Administration, Amazon AWS, Azure, Editorials

When The Flu = Better DB Practices

Like too many of us, I’ve been fighting a nasty bout of the cold or flu or whatever it is that’s going around.  And while I’ve been enjoying (!) the exhaustion and inability to think straight actually got me thinking about the many things that keep systems running so you’re not on the hook 24/7.

One of the things that is coming up more and more with different folks that we’re working with is that fact that the systems may be documented, backed-up, recoverable and such at the database level, but the inter-dependencies haven’t received the same care and feeding.  This isn’t just a cloud issue, particularly with so many on-premises services, and mixed/hybrid on-premises-cloud environments.  With so many component parts in place to make the systems work, it’s critical to, frankly, be a pain in the back-side to the teams using these services so you can make sure the recoverability knowledge of these systems is fully accounted for.

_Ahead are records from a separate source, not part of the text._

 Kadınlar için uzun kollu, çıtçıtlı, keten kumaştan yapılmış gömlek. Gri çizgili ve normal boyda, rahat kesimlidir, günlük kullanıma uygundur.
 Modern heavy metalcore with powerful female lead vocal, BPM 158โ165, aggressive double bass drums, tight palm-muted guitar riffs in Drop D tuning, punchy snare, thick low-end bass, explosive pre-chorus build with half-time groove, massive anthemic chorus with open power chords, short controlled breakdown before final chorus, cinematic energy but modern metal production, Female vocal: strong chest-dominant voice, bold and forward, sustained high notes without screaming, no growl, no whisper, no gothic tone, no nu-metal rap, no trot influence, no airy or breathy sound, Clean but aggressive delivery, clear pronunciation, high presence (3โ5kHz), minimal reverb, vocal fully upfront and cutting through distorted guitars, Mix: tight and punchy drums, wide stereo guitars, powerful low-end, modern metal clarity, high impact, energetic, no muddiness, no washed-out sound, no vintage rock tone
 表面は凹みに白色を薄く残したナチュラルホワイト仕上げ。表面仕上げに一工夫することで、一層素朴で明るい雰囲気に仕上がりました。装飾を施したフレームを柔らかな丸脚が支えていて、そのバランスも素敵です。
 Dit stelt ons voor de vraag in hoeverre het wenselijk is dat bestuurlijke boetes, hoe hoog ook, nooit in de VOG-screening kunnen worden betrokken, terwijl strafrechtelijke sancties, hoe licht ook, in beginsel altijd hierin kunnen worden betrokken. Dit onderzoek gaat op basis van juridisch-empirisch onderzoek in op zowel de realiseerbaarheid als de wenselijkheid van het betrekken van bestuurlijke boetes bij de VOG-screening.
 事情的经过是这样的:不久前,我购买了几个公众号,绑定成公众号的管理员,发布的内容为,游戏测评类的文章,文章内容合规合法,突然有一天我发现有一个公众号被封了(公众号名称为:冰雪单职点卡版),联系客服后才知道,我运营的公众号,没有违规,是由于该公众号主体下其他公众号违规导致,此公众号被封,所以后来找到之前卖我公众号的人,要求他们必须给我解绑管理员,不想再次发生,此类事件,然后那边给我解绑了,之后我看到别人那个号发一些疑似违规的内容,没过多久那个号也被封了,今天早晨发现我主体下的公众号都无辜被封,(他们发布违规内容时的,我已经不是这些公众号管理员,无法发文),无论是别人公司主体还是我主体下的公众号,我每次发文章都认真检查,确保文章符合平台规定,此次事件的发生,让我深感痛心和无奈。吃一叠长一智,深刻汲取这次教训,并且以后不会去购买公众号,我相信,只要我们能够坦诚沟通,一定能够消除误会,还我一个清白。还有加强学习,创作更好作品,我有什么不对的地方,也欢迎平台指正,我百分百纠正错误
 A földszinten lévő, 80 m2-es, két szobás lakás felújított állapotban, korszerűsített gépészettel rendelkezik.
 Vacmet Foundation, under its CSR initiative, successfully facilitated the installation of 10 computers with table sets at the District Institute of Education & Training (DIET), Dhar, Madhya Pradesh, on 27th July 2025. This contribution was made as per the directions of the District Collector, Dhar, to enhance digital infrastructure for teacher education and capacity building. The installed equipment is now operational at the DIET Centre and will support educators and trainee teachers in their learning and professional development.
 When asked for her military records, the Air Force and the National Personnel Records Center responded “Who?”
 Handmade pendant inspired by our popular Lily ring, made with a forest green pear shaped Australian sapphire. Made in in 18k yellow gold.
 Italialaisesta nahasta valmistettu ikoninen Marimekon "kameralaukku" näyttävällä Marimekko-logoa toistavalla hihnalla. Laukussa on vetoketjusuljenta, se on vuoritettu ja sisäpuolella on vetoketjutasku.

Some of the things to address this that have helped in our own systems include:

  • Create a system diagram, including processes – a nice, big, poster-style image of your infrastructure.  Using Azure hosted functions?  Great.  Include them.  Have Lambda processes?  Excellent.  Include them.
  • Think about things that can go wrong.  Not deep, intricate things, but just normal, run of the mill things.  “Email isn’t going out…,” “the database is throwing errors on the user interface…,” “the pages aren’t working because of SSL issues…” – then do a series of steps and things that can be checked down through the architecture.  Shine a light on the infrastructure and give yourself (and of course others) a starting point if things do go awry.
  • Start a new intranet site (we use Google Sites) and document whenever something happens, what you do to fix it, what the symptoms were.  One of the most important things you can do is add a paragraph of terms that SOMEONE ELSE would be searching for to find that page.  Not everyone will put in “404” but they may enter things like “page not found” or “couldn’t find the page” or whatever.  (Simple examples)  This has been one of the most helpful things we have done – to put everyday descriptive terms in the page so it can be found quickly.   Corollary: If you have an issue that IS documented, but the person couldn’t find it, ask what they searched on.  Add that to the page so next time, it’ll work correctly.
  • Think about how people ingest this type of content under stress.  Things won’t be pretty if something is going wrong, their key go-to person (you) is out sick and they’re trying to pick up the pieces.  Keep it extremely specific in terms of steps, extremely concise and make them winners if at all possible for following the steps.
  • Have review cycles.  Keep track of when pages are created (again, Google Sites does a great job of this) and updated.  Review them with the people that may rely on them, both technical and non-technical, on a regular basis.  The more everyone knows, the less panic there will be.  The more they know, the higher the likelihood is that they can troubleshoot whether it be a high-level issue (check the services status dashboard of our provider, or check with IT to make sure there isn’t a high-level delivery issue going on) or deeper where things may have to be tweaked/investigated.

If you can add transparency that spans the different services, all of them, you’ll be well on your way to having a calmer user-base, and a better chance of being able to lay around grumbling about being ill, rather than grumbling about being ill AND fighting some issue on your systems.